Attracting people based on any particular present position is myopic. In retrospect, it may have been better for this blog to have stuck with detailing how to formulate ideals and make decisions than to have mentioned or endorsed any specific ideals or decisions. In the future, I would like to hold discussions regarding process management, premise formation, qualitative analysis, and logic; in short, I would rather discuss how to come to conclusions than give any of my readers any specific conclusions to revolve around and rally behind.

It may be the case that my conclusions -- tentative though they may indefinitely be -- are sound, but I am more interested in how a reader might have come to the same conclusions as myself than in the mere similarity of our positions. If, for example, your antinatalism leads you to choose vegetarianism, that does not entail that all vegetarians are antinatalists, or that congregating with vegetarians without any quality control is a sensible practice.

Note that I say all of the above not because I am interested in censorship or stifling important discussions, but rather, because there should be an order to this process, with specific ideals coming into play much later on after everyone has established that they utilize similar mental algorithms for processing information.

As a final thought on antinatalism, I will say the following (note the lack of generalizations below, as I am myself an antinatalist):

1. Many antinatalists are concerned solely with refraining from reproducing, and have either weak or nonexistent socio-political philosophies; in other words, they are often far wiser than most when it comes to being proactive (in at least the fundamental sense), but could use some improvement when it comes to being retroactive.

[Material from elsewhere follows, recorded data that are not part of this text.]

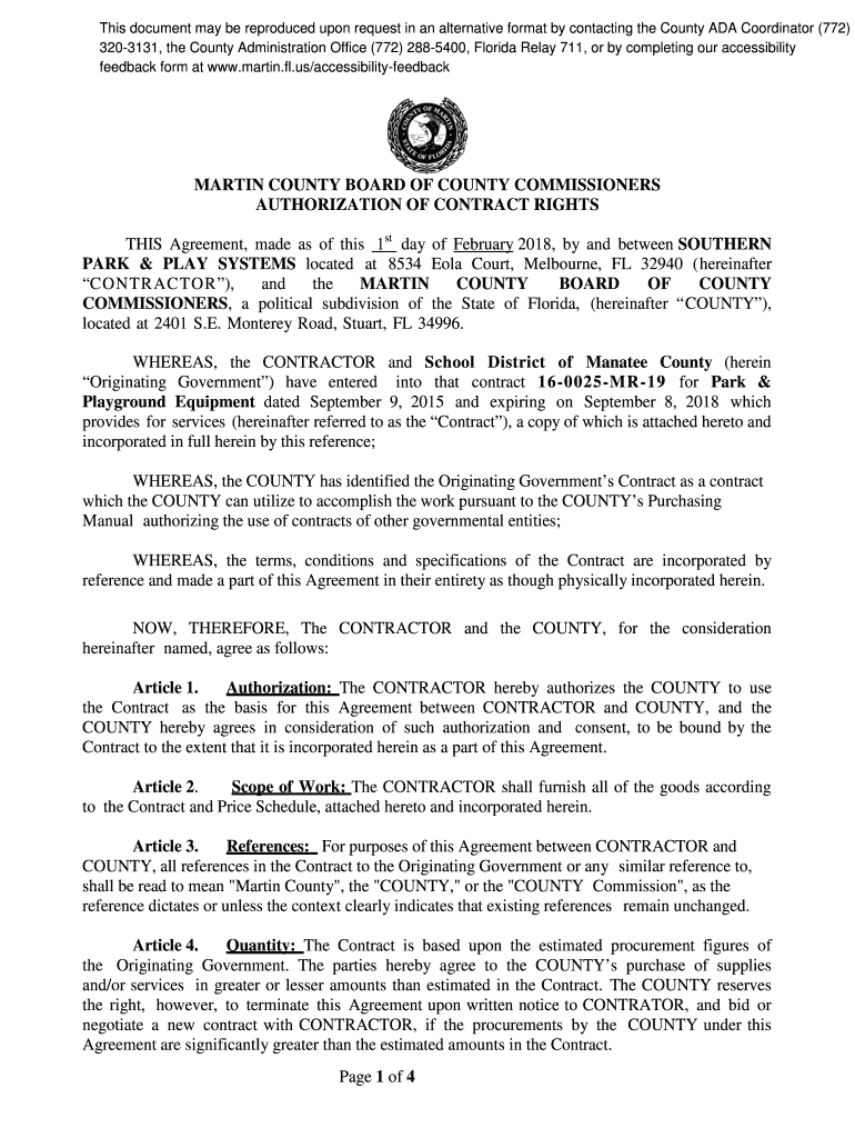 This document may be reproduced upon request in an alternative format by contacting the County ADA Coordinator (772) 3203131, the County Administration Office (772) 2885400, Florida Relay 711, or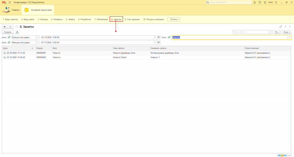 7. Документ заметки - предназначен для заметок различных групп. Связан со справочником Виды заметок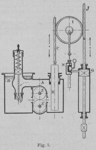 Die Bewegung des Kolbens F erfolgt durch einen zweiten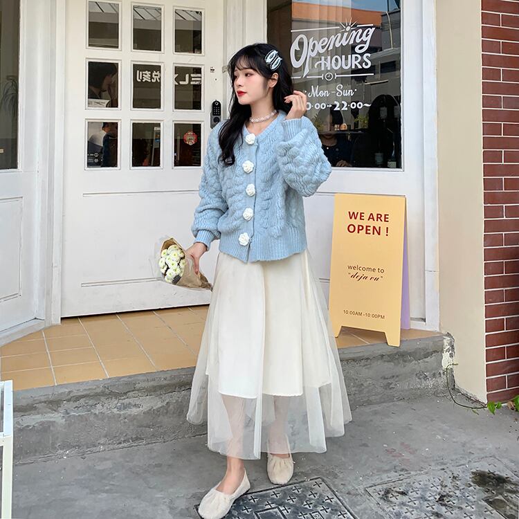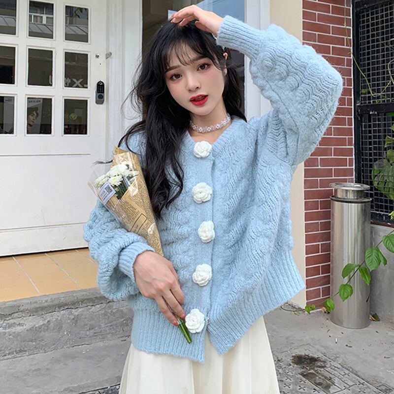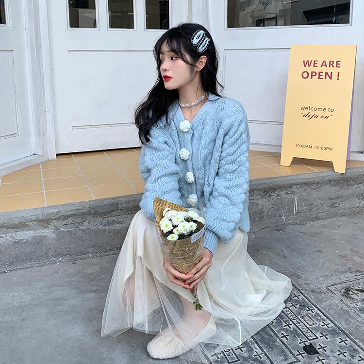ブルーセーター コート スプリングオータムウィンタースタイルショートニットカーディガン 春物 秋物 冬物 スーパーモール3222163916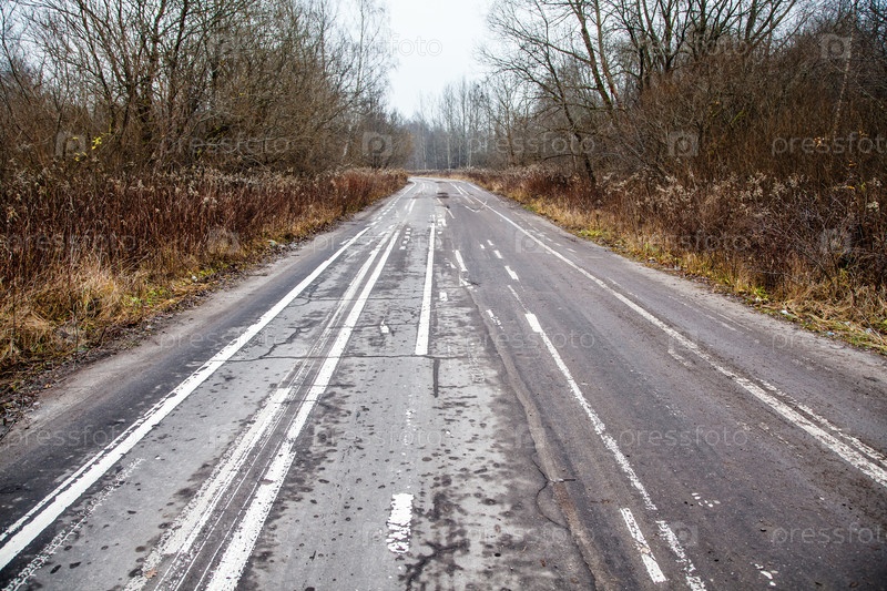 Старая заброшенная асфальтовая дорога с испорченной дорожной разметкой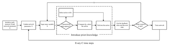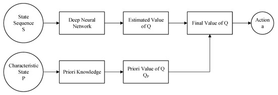 - According to the above definition, after the prior knowledge is added, the final action selection value is . First normalize , then calculate , and the calculation formula is:where is the value vector selected by DQN algorithm according to the action estimated by the current state. When the characteristic state appears, the value of each action is calculated according to Formula (7), and the action is directly selected according to the maximum value; when the characteristic state does not appear, the value of the action is estimated according to the DQN algorithm, and then the action is selected according to the rule. There are three main advantages: firstly, by introducing prior knowledge, when the feature state is detected, it can affect the action selection process according to the prior knowledge , reducing unnecessary exploration; second, the introduction of prior knowledge does not affect the training process of the algorithm; finally, when there is no feature state, it can judge the action selection through the algorithm to fully explore the state space. The introduction process of prior knowledge is shown in Figure 7.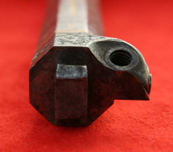 Π‘ΡΠ²ΠΎΠ» ΡΠ°ΡΡΠΈΡΡΠ΅ΡΡΡ Π² ΠΊΠ°Π·Π΅Π½Π½ΠΎΠΉ ΡΠ°ΡΡΠΈ ΠΈ Ρ Π΄ΡΠ»ΡΠ½ΠΎΠ³ΠΎ ΡΡΠ΅Π·Π°. Π‘Π°ΠΌΠ°Ρ ΡΠΎΠ½ΠΊΠ°Ρ ΡΠ°ΡΡΡ ΡΡΠ²ΠΎΠ»Π° ΡΠ°ΡΠΏΠΎΠ»ΠΎΠΆΠ΅Π½Π° Π½Π° ΡΠ°ΡΡΡΠΎΡΠ½ΠΈΠΈ ΠΏΡΠΈΠΌΠ΅ΡΠ½ΠΎ Π² ΒΌ Π΄Π»ΠΈΠ½Ρ ΡΡΠ²ΠΎΠ»Π°, ΡΡΠΈΡΠ°Ρ ΠΎΡ Π΄ΡΠ»ΡΠ½ΠΎΠ³ΠΎ ΡΡΠ΅Π·Π°. Π Π½ΠΈΠΆΠ½Π΅ΠΉ ΡΠ°ΡΡΠΈ ΡΡΠ²ΠΎΠ»Π° Π² ΠΏΠ°Π· Β«Π»Π°ΡΡΠΎΡΠΊΠΈΠ½ Ρ Π²ΠΎΡΡΒ» ΡΡΡΠ°Π½ΠΎΠ²Π»Π΅Π½ΠΎ ΡΡΠΊΠΎ Ρ ΠΏΡΡΠΌΠΎΡΠ³ΠΎΠ»ΡΠ½ΡΠΌ ΠΎΡΠ²Π΅ΡΡΡΠΈΠ΅ΠΌ Π΄Π»Ρ ΠΊΡΠ΅ΠΏΠ»Π΅Π½ΠΈΡ ΡΡΠ²ΠΎΠ»Π° ΠΊ Π»ΠΎΠΆΡ Ρ ΠΏΠΎΠΌΠΎΡΡΡ ΠΏΠ»ΠΎΡΠΊΠΎΠ³ΠΎ ΡΠΈΠΊΡΠΈΡΡΡΡΠ΅Π³ΠΎ ΠΊΠ»ΠΈΠ½Π° (Π·Π°Π΄Π²ΠΈΠΆΠΊΠΈ). Π£ΡΠΊΠΎ Π΄Π»Ρ ΡΠ°ΡΠ½ΠΈΡΠ½ΠΎΠ³ΠΎ ΡΠΎΠ΅Π΄ΠΈΠ½Π΅Π½ΠΈΡ Ρ ΡΠΎΠΌΠΏΠΎΠ»ΠΎΠΌ Π²Π΅ΡΠΎΡΡΠ½ΠΎ ΠΏΡΠΈΠ²Π°ΡΠ΅Π½ΠΎ ΠΊ ΡΡΠ²ΠΎΠ»Ρ. ΠΠ½ΡΠ΅ΡΠ΅ΡΠ½ΠΎ, ΡΡΠΎ ΡΠ»Π΅ΠΌΠ΅Π½ΡΡ Π΄Π΅ΠΊΠΎΡΠ°ΡΠΈΠ²Π½ΠΎΠΉ ΠΎΡΠ΄Π΅Π»ΠΊΠΈ Π² ΠΊΠ°Π·Π΅Π½Π½ΠΎΠΉ ΡΠ°ΡΡΠΈ, Π² ΠΌΠ΅ΡΡΠ°Ρ Π³Π΄Π΅ ΡΡΠ²ΠΎΠ» Π·Π°ΠΊΡΡΠ²Π°Π΅Ρ Π»ΠΎΠΆΠ΅, Π½Π΅ Π²ΡΠΏΠΎΠ»Π½Π΅Π½Ρ. ΠΠΎΠ»ΠΎΡΠ°Ρ ΠΏΡΠΎΠ²ΠΎΠ»ΠΎΠΊΠ° Π²ΡΠ΅ΡΠ΅Π½Π° Π² Π³ΡΠ°Π²ΠΈΡΠΎΠ²Π°Π½Π½ΡΠΉ ΡΠΈΡΡΠ½ΠΎΠΊ Π½Π° Π²Π΅ΡΡ Π½Π΅ΠΉ ΠΈ Π½Π°ΠΊΠ»ΠΎΠ½Π½ΠΎΠΉ Π³ΡΠ°Π½ΡΡ ΡΡΠ²ΠΎΠ»Π°, Π° ΡΠ°ΠΊ ΠΆΠ΅ ΠΏΡΠΈΠΌΠ΅ΡΠ½ΠΎ Π½Π° Β½ Π΄Π»ΠΈΠ½Ρ Π²Π΅ΡΡΠΈΠΊΠ°Π»ΡΠ½ΡΡ Π³ΡΠ°Π½Π΅ΠΉ. ΠΠ° ΠΏΠΎΠ²Π΅ΡΡ Π½ΠΎΡΡΠΈ ΡΡΠ²ΠΎΠ»Π° Ρ Π΄ΡΠ»ΡΠ½ΠΎΠ³ΠΎ ΡΡΠ΅Π·Π° Π·ΠΎΠ»ΠΎΡΠΎΠ΅ ΠΊΠΎΠ»ΡΡΠΎ ΠΏΠΎΠ»Π½ΠΎΡΡΡΡ Π·Π°ΠΌΠΊΠ½ΡΡΠΎΠ΅.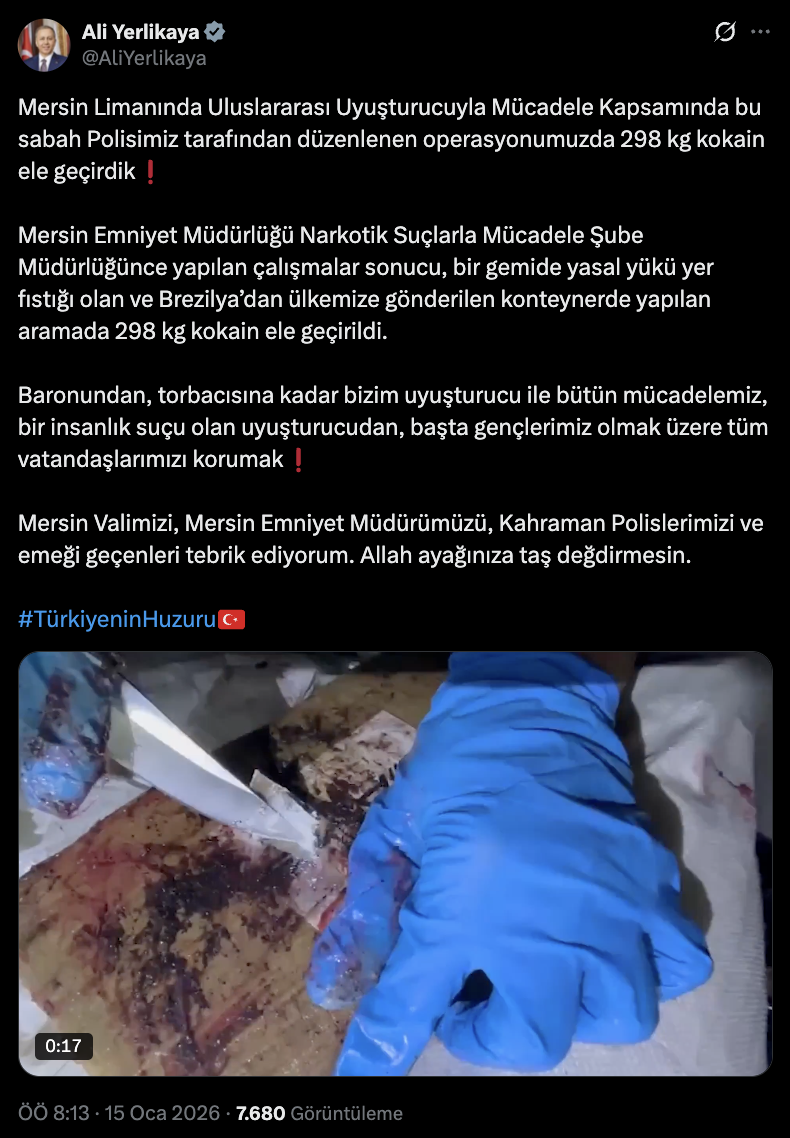İçişleri Bakanı Ali Yerlikaya, sosyal medya platformu X üzerinden yaptığı açıklamada Mersin Limanı’nda düzenlenen uyuşturucu operasyonunun ayrıntılarını paylaştı. 298 kg kokainin ele geçirildiğini belirten Bakan Yerlikaya şu ifadeleri kullandı:

2. Many antinatalists view the world from an anthropocentric standpoint, meaning that they are solely concerned with the end of human reproduction. They may understand that animal suffering is bad, but they very often have no ambition to do anything about it beyond becoming vegetarian.

3. Many antinatalists view "the" problem as life itself (or, in more sensible cases, sentient life). The more accurate position to take, from my perspective, is that of "the" problem being a lack of intelligent management and regulation of the universe's energy processes -- or the mere existence of energy and work in the first place.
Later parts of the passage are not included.